Week 8 coding

Designs: Simulation-based power analysis for study design

The application workshop will use functions from the following packages:

Package : : Function	Purpose
`sample()`	sampling elements from an R object with or without replacement
`replicate()`	it is used to evaluate an expression `N` number of times repeatedly; often plays a role in conjunction with sampling functions
`runif()`	sampling from a uniform distribution
`rnorm()`	sampling from a normal distribution
`rbinom()`	sampling from a binomial distribution
`rpois()`	sampling from a Poisson distribution
`MASS::mvtnorm()`	sampling from a multivariate normal distribution; sampling multiple variables with a known correlation structure (i.e., we can tell R how variables should be correlated with one another) and normally distributed errors

Explore the package websites for an overview of the purposes and the main functions of these packages.

The uses of simulation methods

Simulating data uses generating random data sets with known properties using code (or some other method). This can be useful in various contexts.
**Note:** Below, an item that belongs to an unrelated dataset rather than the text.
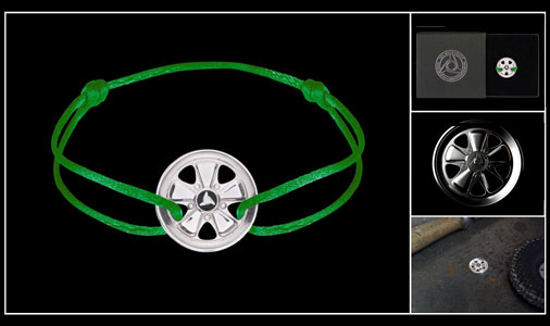 Bracelet Fuchs Matière Argent Sterling - Couleur Cordon vert kelly - Fabriqué à la main en Angleterre Edition Limitée - 911 exemplaires numérotés

To better understand our models. Probability models mimic variation in the world, and the tools of simulation can help us better understand this variation. Patterns of randomness are contrary to normal human thinking and simulation helps in training our intuitions about averages and variation
To run statistical analyses (e.g., simulating a null distribution against which to compare a sample)
To approximate the sampling distribution of data and propagate this to the sampling distribution of statistical estimates and procedures

Sampling from a uniform distribution

The runif function returns some number (n) of random numbers from a uniform distribution with a range from \(a\) (min) to \(b\) (max) such that \(X\sim\mathcal U(a,b)\) (verbally, \(X\) is sampled from a uniform distribution with the parameters \(a\) and \(b\)), where \(-\infty < a < b < \infty\) (verbally, \(a\) is greater than negative infinity but less than \(b\), and \(b\) is finite). The default is to draw from a standard uniform distribution (i.e., \(a = 0\) and \(b = 1\)):

# Sample a vector of ten numbers and store the results in the object `rand_unifs`
# Note that the numbers will be different each time we re-run the `runif` function above.
# If we want to recreate the same sample, we should set a `seed` number first

rand_unifs <- runif(n = 10000, min = 0, max = 1)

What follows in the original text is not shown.